There is a new WWW site (http://www.aip.org/history/) for the History of Physics, Astronomy, and Geophysics. The site gives information about programs and services of the Center for History of Physics (e.g., grants), about AIP's Niels Bohr Library and access thereto, about the Emilio Segre Visual Archives, links to related Web sites, an Einstein exhibit, and more. A search engine is now being developed to support on-line access to abstracts of all the Niels Bohr Library's archival holdings, its catalog of books, and the entire International Catalog of Sources for History of Physics and Allied Sciences.

Physics and Government Net

The Physics and Government Network (PGNet) was established by the APS three years ago to provide physicists' inputs into science policy formulation, and appropriation, in Washington, D.C. Physicists who join PGNet are alerted, via e-mail, of pending science crises/issues in Washington, D.C. that potentially effect the national well-being. They are also given specific suggestions of actions that they can take.
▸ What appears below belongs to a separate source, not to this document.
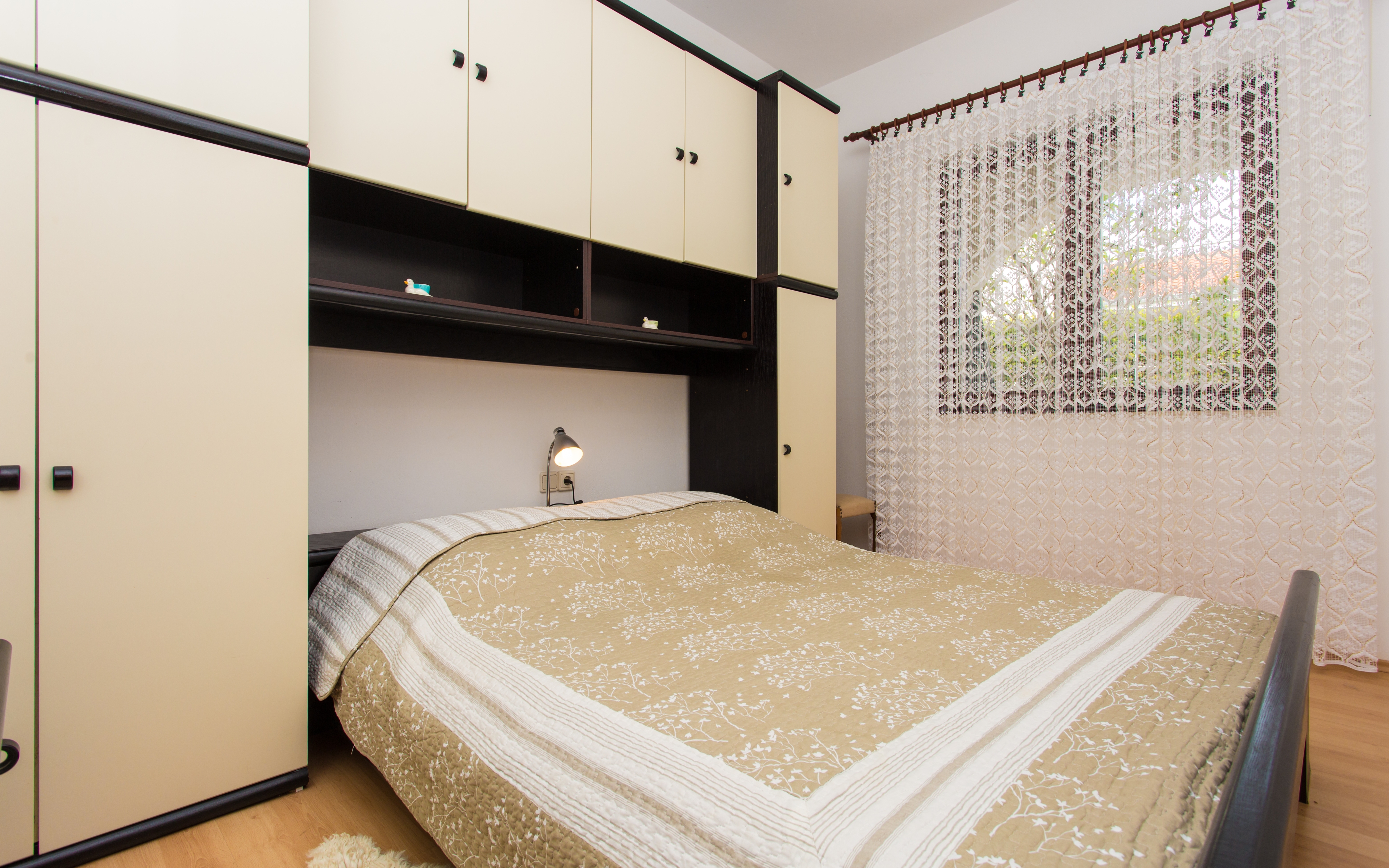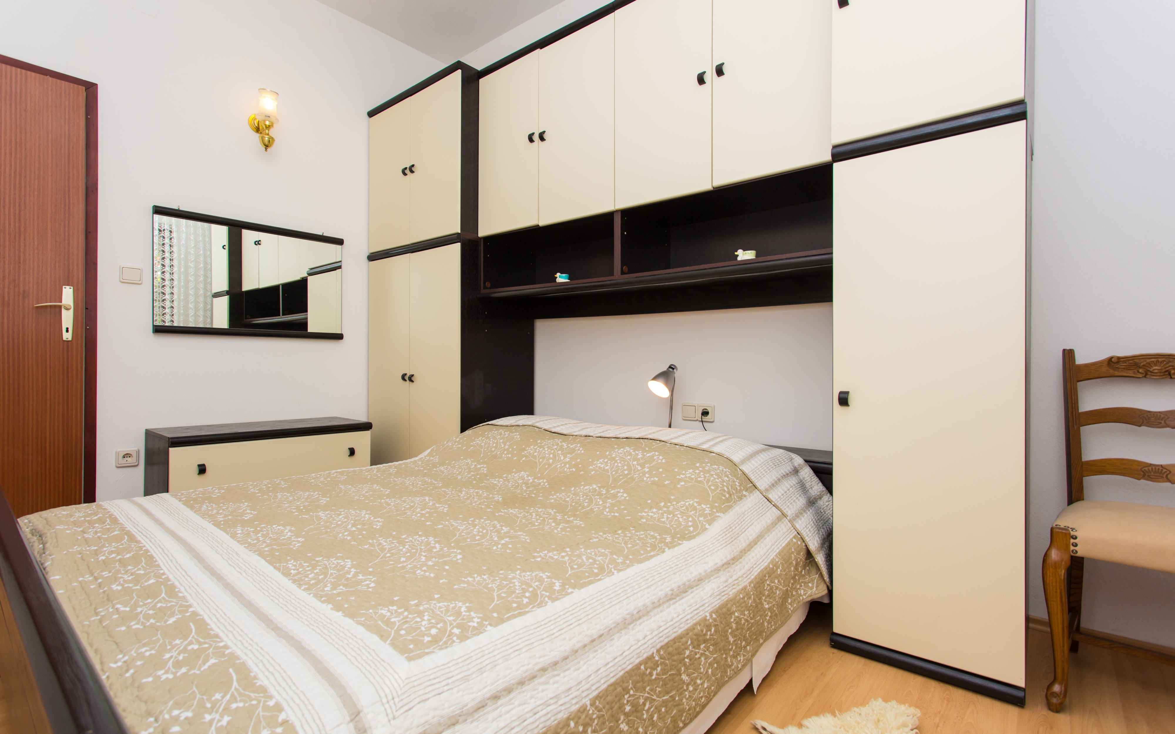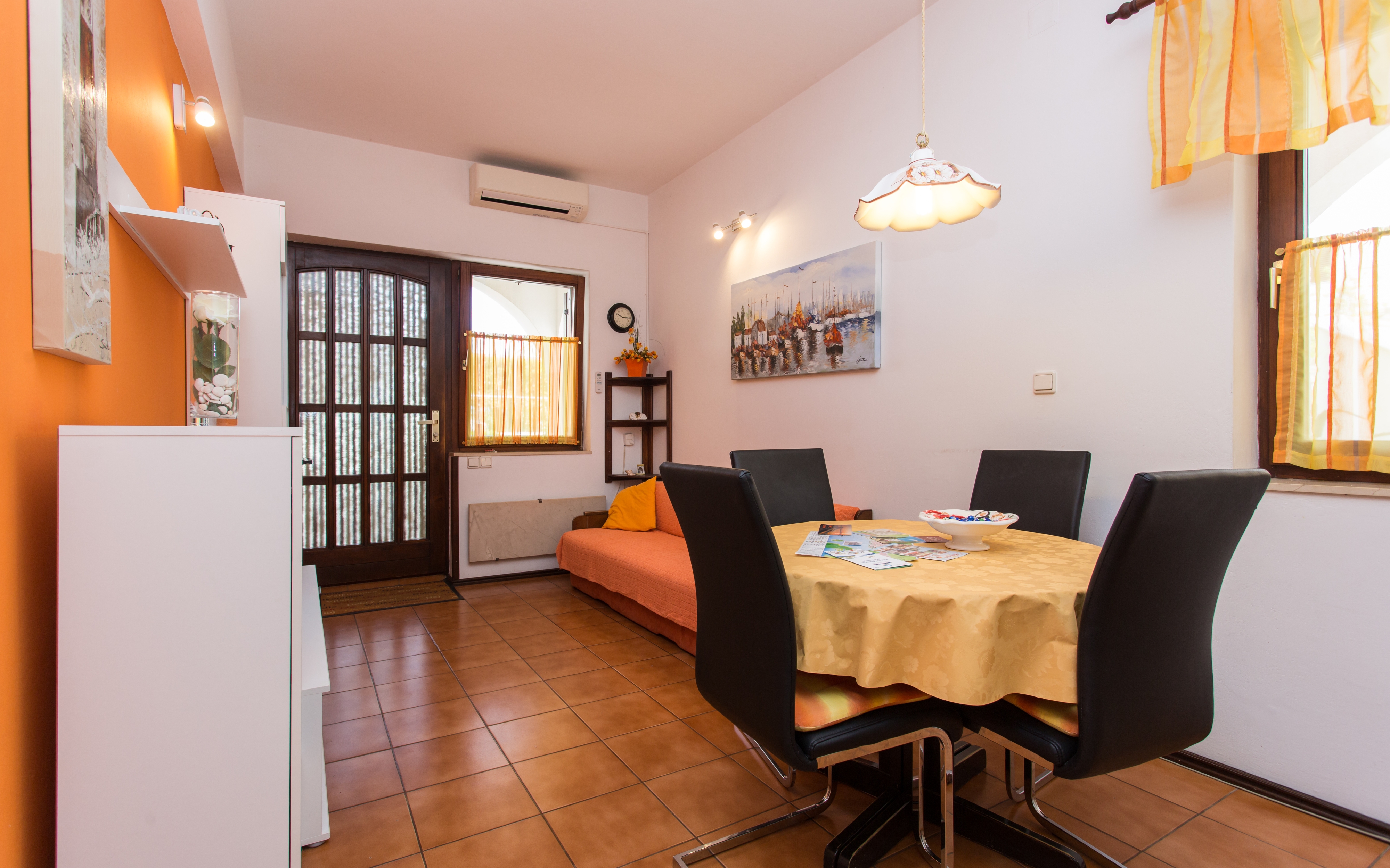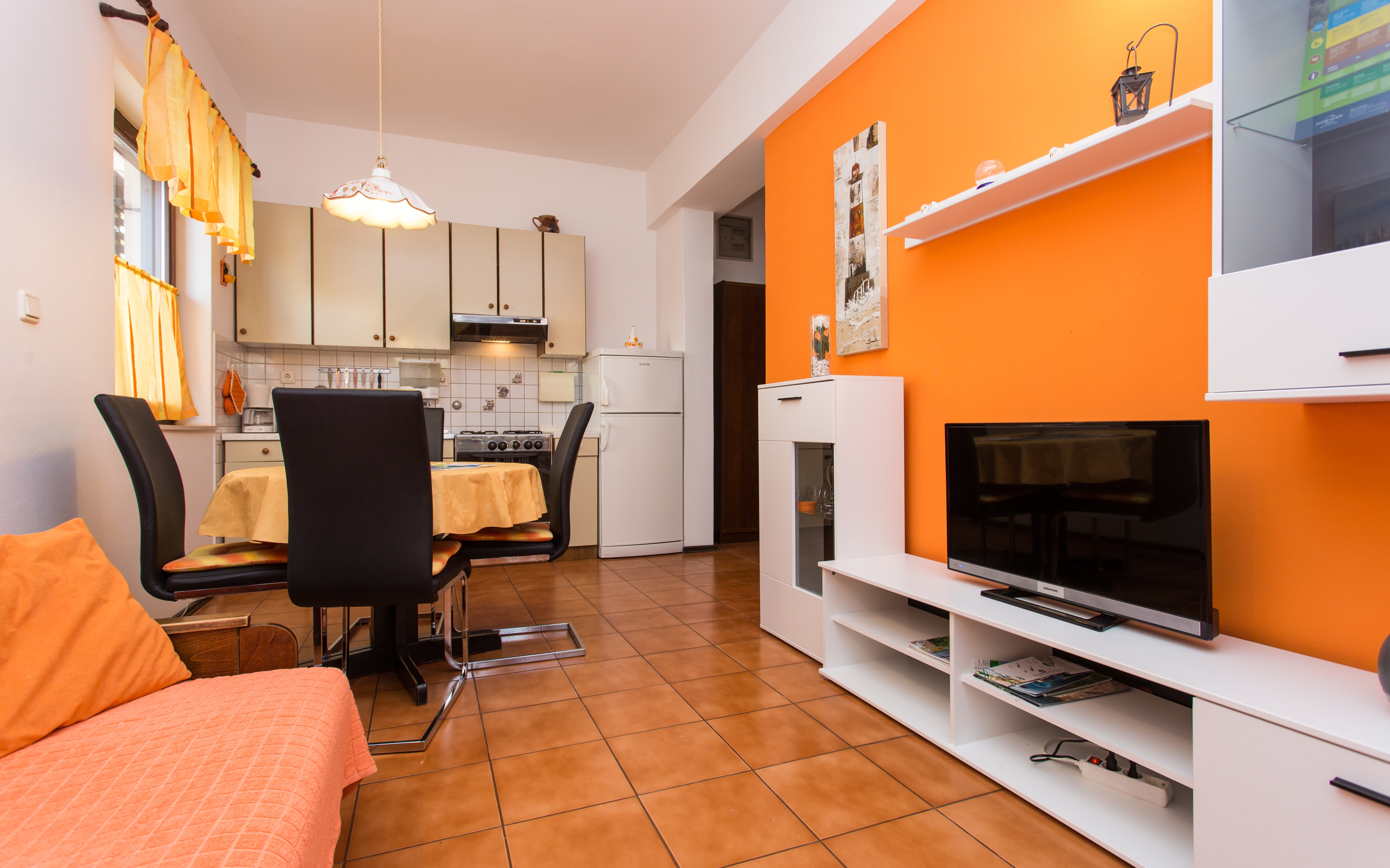 Apartment can accommodate 4 guests. Beds are situated in 1 sleeping rooms, but also in the living room, within 35m2. Guests can use a private terrace to enjoy the warm summer evenings. Food can be prepared using barbecue which is shared with other guests too. This accommodation unit welcomes pets at an additional charge. INCLUDED IN THE PRICE: tourist tax, final cleaning, air-conditioning, parking, internet, laundry, baby cot, iron, hairdryer, sunshade. OBLIGATORY ADDITIONAL COSTS: short stay fee (surcharge depending on a number of booked nights: 30% - 1, 20% - 2, 10% - 3). OPTIONAL ADDITIONAL COSTS: pets (€10.00 per night). The availability of additional services for your chosen dates of stay, as well as their prices (if none are listed) must be checked ahead of time. Any additional services not shown in the price calculation are payable directly to the property owner and only if used by the visitor. Discounts to the base price: free day 14=13 (for reservations of 14 or more days you get one free day for the stay until 31122026).

In a review of PGNet's 1996 activities, D. Allen Bromley (APS President) and Robert Schrieffer (APS Past President) described five ACTION ALERTS during 1996, including strategies and outcomes for each ALERT.
ALERT #1 concerned the proposed sale of the nation's strategic helium reserves. The final outcome was bipartisan acceptance of an amendment that requires the NAS to report on implications of the sale. The amendment was eventually signed into law.
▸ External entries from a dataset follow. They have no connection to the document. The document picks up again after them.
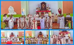Tidak hanya sampai di sini, upacara pembaktian diri ini kemudian disyukuri secara bersama dalam misa kudus yang dipimpin oleh Romo Wim, SMM. Dan juga dihadiri oleh Rm. Lorens, Rm. Dwi dan Rm. Frans. Perayaan berjalan dengan lancar. Ditambah lagi dengan suara merdu nan syahdu dari para frater yang turut memeriahkan perayaan syukur ini. Dalam renungan yang sangat mendalam, Romo Wim berpesan kepada semua yang hadir, terutama kepada anggota PMRSH yang baru membaktikan diri untuk selalu sadar bahwa pembakitan diri merupakan sarana yang mengundang kita semua setiap hari untuk selalu membaharui diri dan janji-janji baptis kita kepada Allah. Selain itu, beliau juga menekankan bahwa peziarahan kita bukan hanya sampai pada tataran upacara pembaktian diri semata.
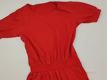 Czerwona sukienka damska Home, rozmiar S. - Fason: ołówkowy, przylegający, długość midi/przed kolano - Dekolt okrągły - Koronkowe wstawki na ramionach i górnej części pleców w kwiatowy wzór - Krót...
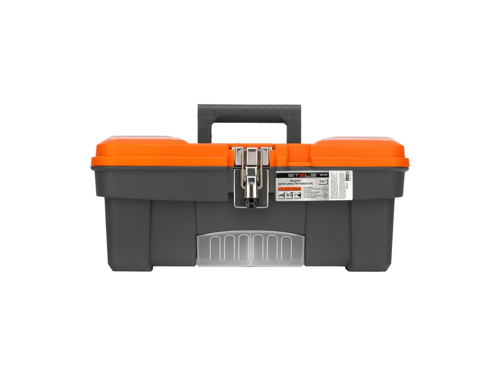 Ящик для инструмента Stels 90746 размером 16 (410 х 210 х 175 мм), с металлическими замками, — альтернатива коробке для инструментов. В нем можно расположить ручной инструмент, крепеж, хозяйственные мелочи, а также рыболовные снасти. В крышке имеются встроенные органайзеры, внутри ящика — выкидной лоток с отсеками для мелких деталей, что увеличивает функциональность изделия. Ящик удобно брать в поездки, также он пригодится дома, на даче или в гараже.
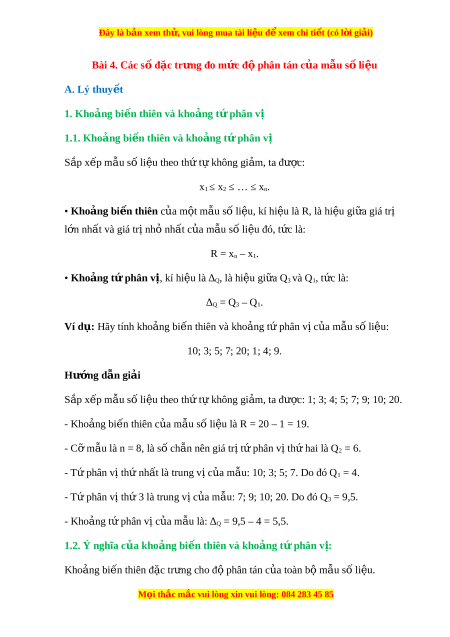 Đây là bản xem th , vu ử i lòng mua tài li u ệ đ xe ể m chi ti t ế (có l i ờ gi i ả ) Bài 4. Các s đ ố ặc tr ng đo m ư c đ ứ phâ ộ n tán c a m ủ u s ẫ l ố i u ệ A. Lý thuy t ế 1. Khoảng bi n t ế hiên và kho ng t ả p ứ hân v ị 1.1. Khoảng bi n t ế hiên và kho ng t ả p ứ hân vị S p x ắ p m ế ẫu số li u t ệ heo th t ứ không gi ự m ả , ta được: x1 ≤ x2 ≤ … ≤ xn. • Khoảng bi n t ế hiên c a ủ m t

Other alerts concerned lack of full-year appropriations for NSF during FY1996 (outcome: full funding was restored to NSF in March), proposed major cuts to the DOE FY1997 research budget (outcome: a slightly more than 1% increase in spending for Office of Energy Research relative to FY1996), and requests for additional funds for the NSF to come from $350 million that had been added to VA-HUD appropriations funding. (outcome: zilch extra for NSF).

Physicists who are 1) interested in public affairs and 2) wish to work with the support of, and in conjunction with, the APS can join PGNet by contacting opa@aps.org or phoning Delia Victoria there at 202-662-8700.
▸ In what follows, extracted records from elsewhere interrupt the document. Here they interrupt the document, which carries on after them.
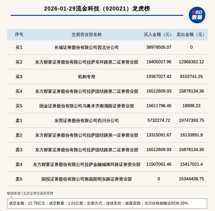龙虎榜交易数据 - 2026年1月29日,北交所上市公司流金科技因当日价格振幅达到36.28%登上龙虎榜 [1] - 当日成交数量为1.01亿股,成交金额为12.79亿元 [1] - 交易方式为连续竞价 [1] 买卖席位详情 - 买入金额第一的席位为长城证券股份有限公司西北分公司,买入3897.85万元 [1][2] - 卖出金额第一的席位为东莞证券股份有限公司四川分公司,卖出1974.74万元 [1][2] - 买入金额第二的席位为东方财富证券股份有限公司拉萨东环路第二证券营业部,买入1940.50万元 [2] - 机构专用席位出现在买方第三位,买入1936.70万元,同时卖出810.27万元 [2] - 国投证券股份有限公司南昌阳明东路证券营业部为卖出金额第五的席位,卖出1534.44万元 [2]
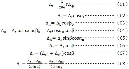 C2齒輪各項誤差應按下述規(guī)定的方向計值:Δfpb、ΔFb、ΔFpX、Δffβ、ΔFw、ΔEwm、jn在齒面法線方向計值;ΔFi′、Δfi′、ΔFp、ΔFpk、Δfpt、ΔFβ、ΔFic′、Δfic′、jt在分度圓切線方向計值;Δff在基圓切線方向計值;ΔFr、ΔFi″、Δfi″、ΔEα″和ΔEH在雙側齒面徑向計值;ΔEs在雙側齒面分度圓螺旋線的法線方向計值。
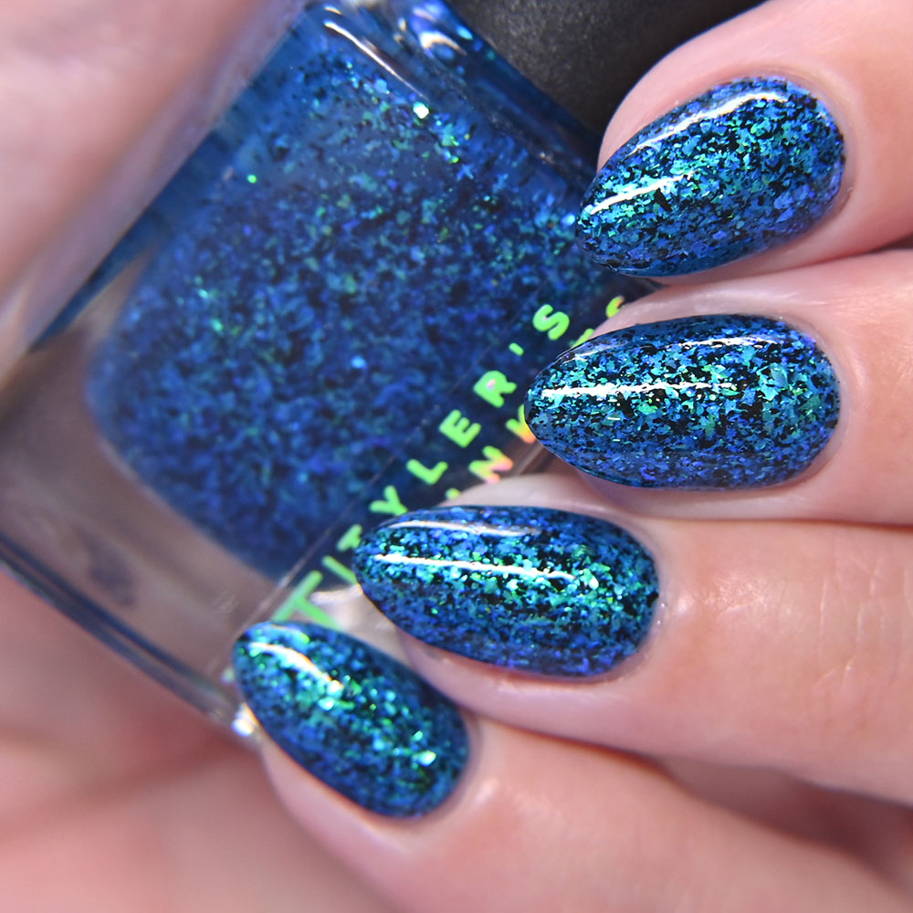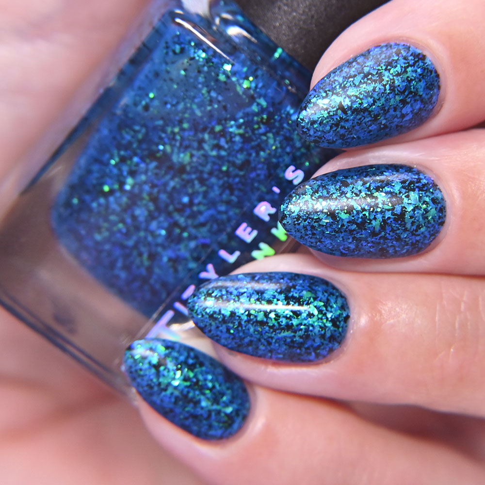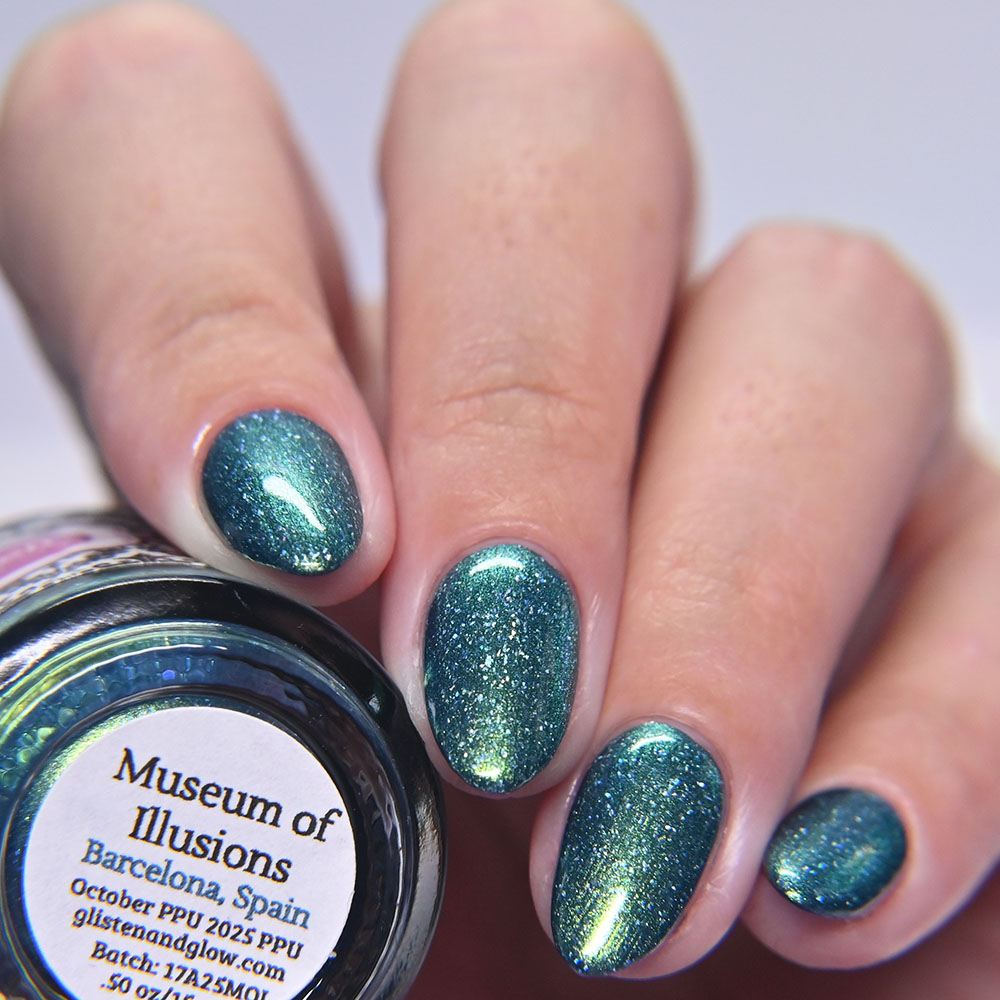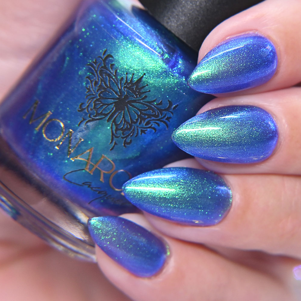 Description: Museum of Illusions is a vibrant blue jelly base loaded with color shifting shimmer that shifts green to blue with holo flakes.

International Comparison of Mathematics Education

The Third International Mathematics and Science Study (TIMSS), considered by many to be the most important study of education during this decade, is described at http://www.ams.org/notices/199605/comm-timss.html The study included curriculum analysis, student surveys, performance assessment, teacher questionnaires, teacher reports on content goals, and other components. In this article, I describe some of the contents of the Executive Summary of the study, which can be seen in its entirety at http://www.ed.gov/NCES/timss/97198-2.html
The summary starts out by stating that TIMSS involved, during the 1995 school year, the testing of a half-million students from 41 nations at five different grade levels.

With respect to President Bush's exhortation to be number one in math and science by the year 2000, U.S. eighth graders scored below the international average of the 41 participating countries in the field of mathematics. In science, they scored above the average, with U.S. students scoring comparably with Canadians, Germans, and English children at grade eight. In the fields of geometry, measurement, and proportionality, our eighth graders perform below average. Five percent of U.S. students perform with the top 10% of all students (in the 41 TIMSS countries) in math. For science, the corresponding American fraction is 13%.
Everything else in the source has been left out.